Suspending the machine, shutting down, powering off or external usb disks, will aborts the tests and must be restarted.
maybe some spezial drives will retain the test progress which depends on the disk firmware, controller behavior, and power state handling but i don't think so, and the most consumer drives will aborts and restart
When a smartctl command is issued, its effects persist until explicitly changed or until the system is powered off. If the system is powered off, the drive will retain the state set by the smartctl command when it was last used. This means that any ongoing test or command will be interrupted and need to be restarted after power is restored.
Invoking hdparm with the query option is known to wake-up some drives. In this case, consider smartctl provided by smartmontools to query the device which will not wake up a sleeping disk.

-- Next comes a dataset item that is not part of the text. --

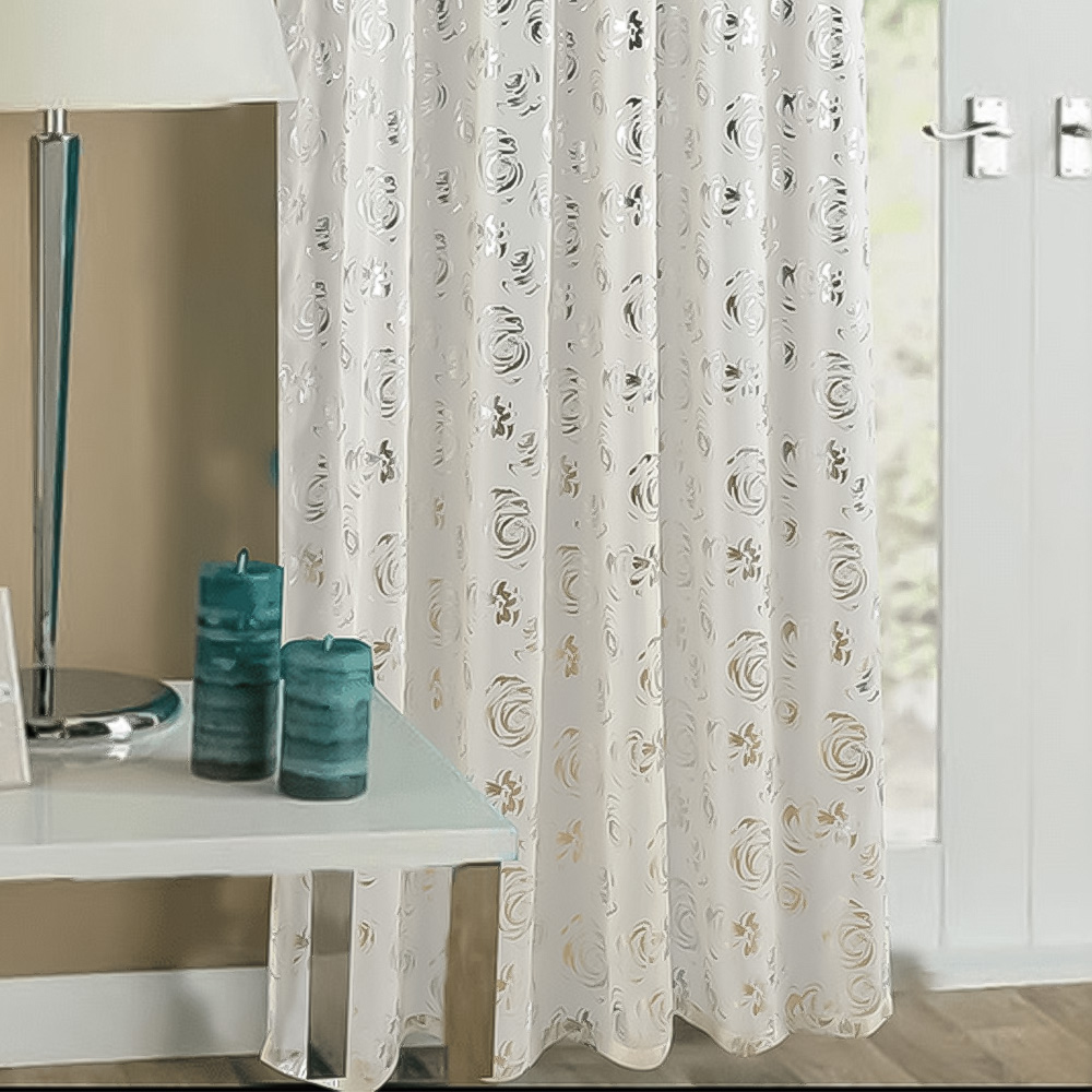 Velosso Geneva Cream Foil Flower Voile Panel Curtain 150 x 137cm
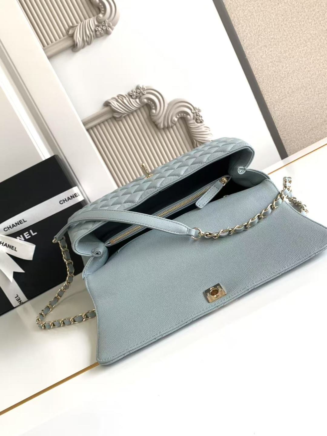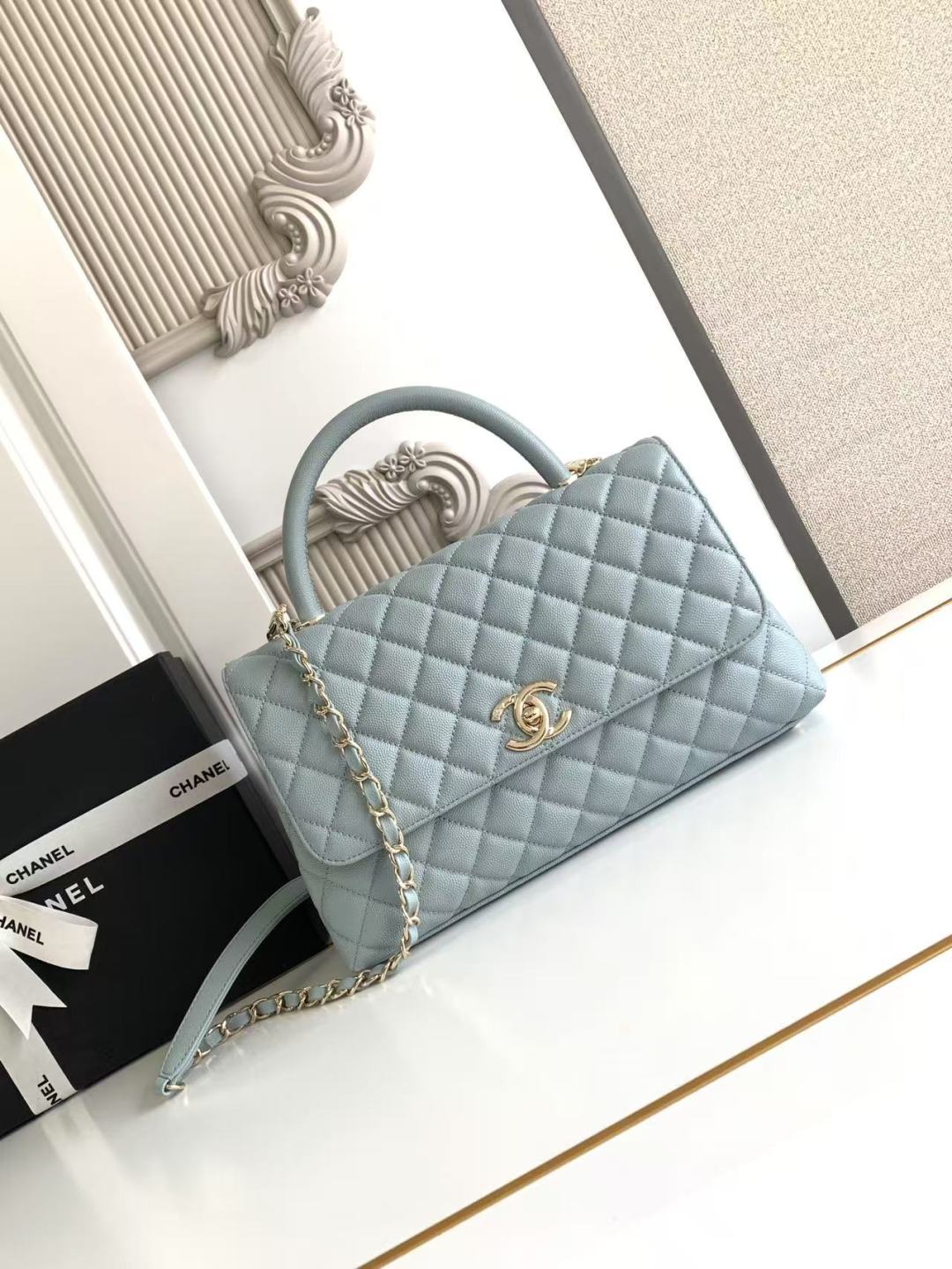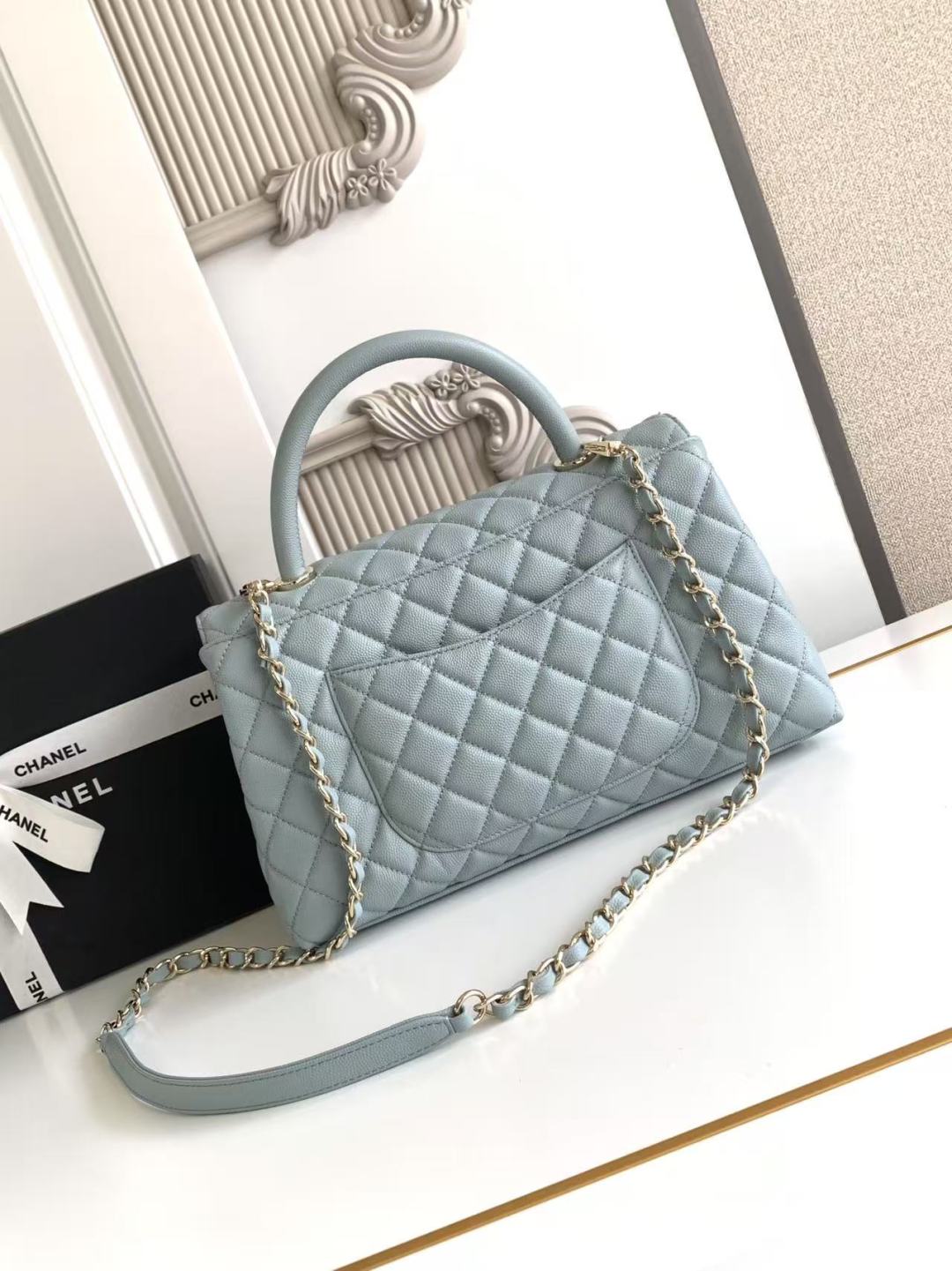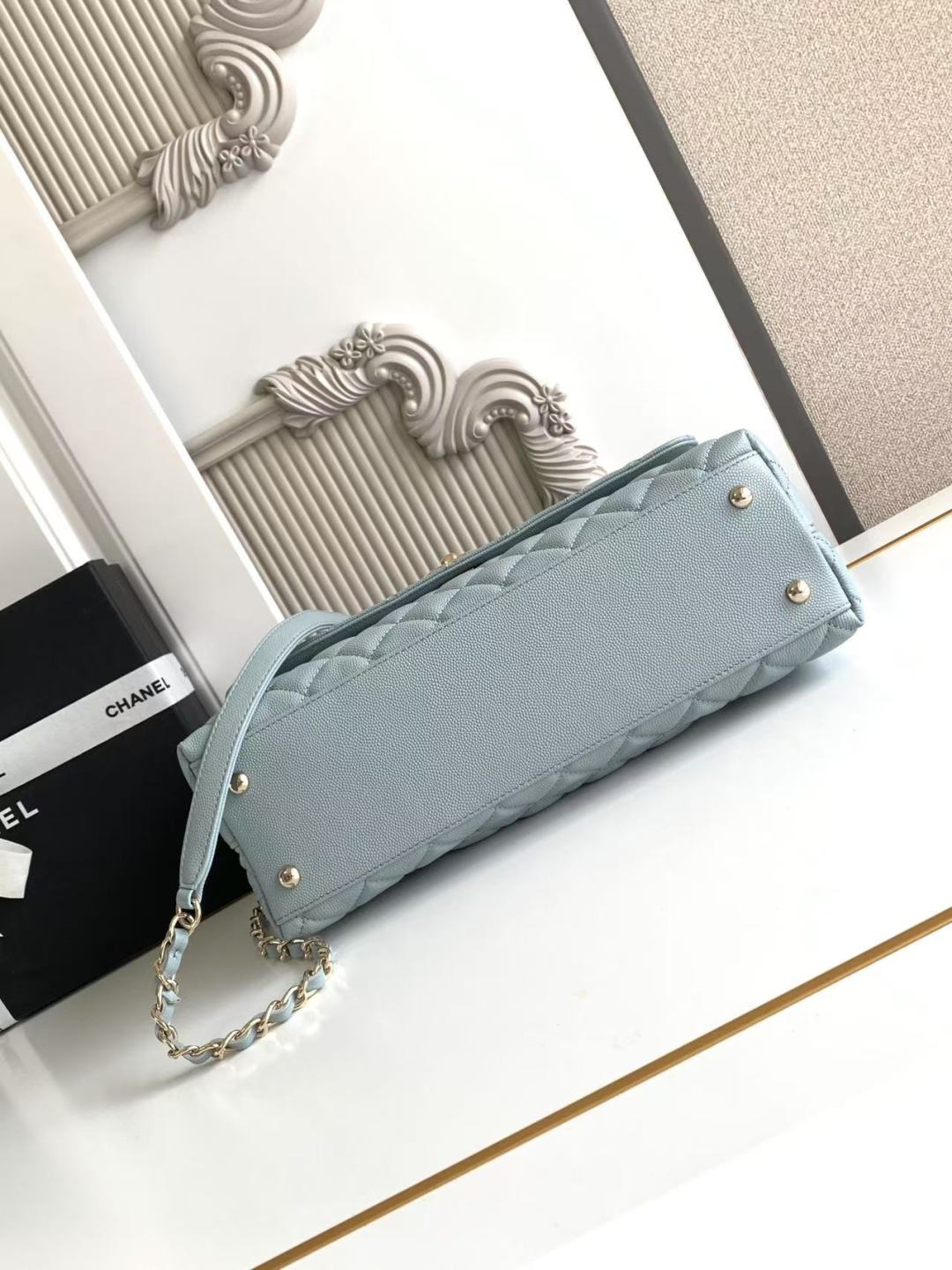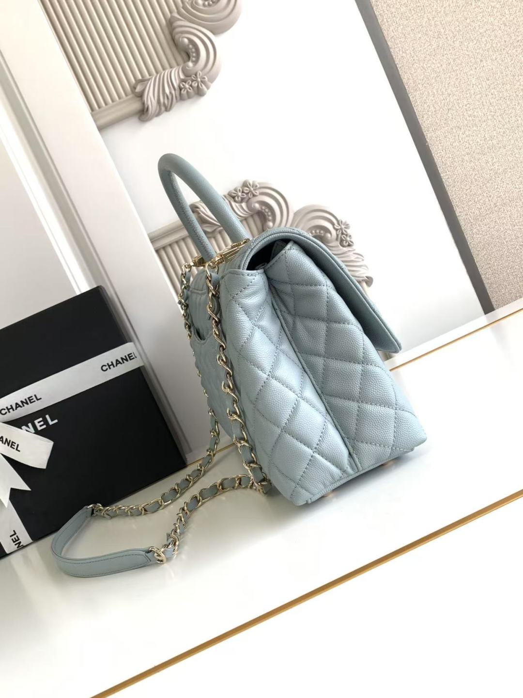 CHANEL Caviar Quilted Small Coco Handle Flap Light Blue 1047611

Short: runs tests that have a high probability of detecting device problems
Use cron to run tests at times when the system is unlikely to be suspended/shut down, etc., so schedule tests for times when the system is stable, and check logs afterward to ensure completion
From @frostschutz comment & answer:
You can try your luck with selective self-tests.
I switched from long selftests to select,cont tests. It's like the long selftest, but only one slice of disk at a time. So while the long selftest may take well over a day (with an otherwise busy 3TB disk), the selective test can run every night when the server is the least busy and actually finish, without harming performance in the more busy hours.
So basically you would be distributing a monthly long self-test of the entire disk, to a nightly selective test that still covers the entire disk over the course of a month...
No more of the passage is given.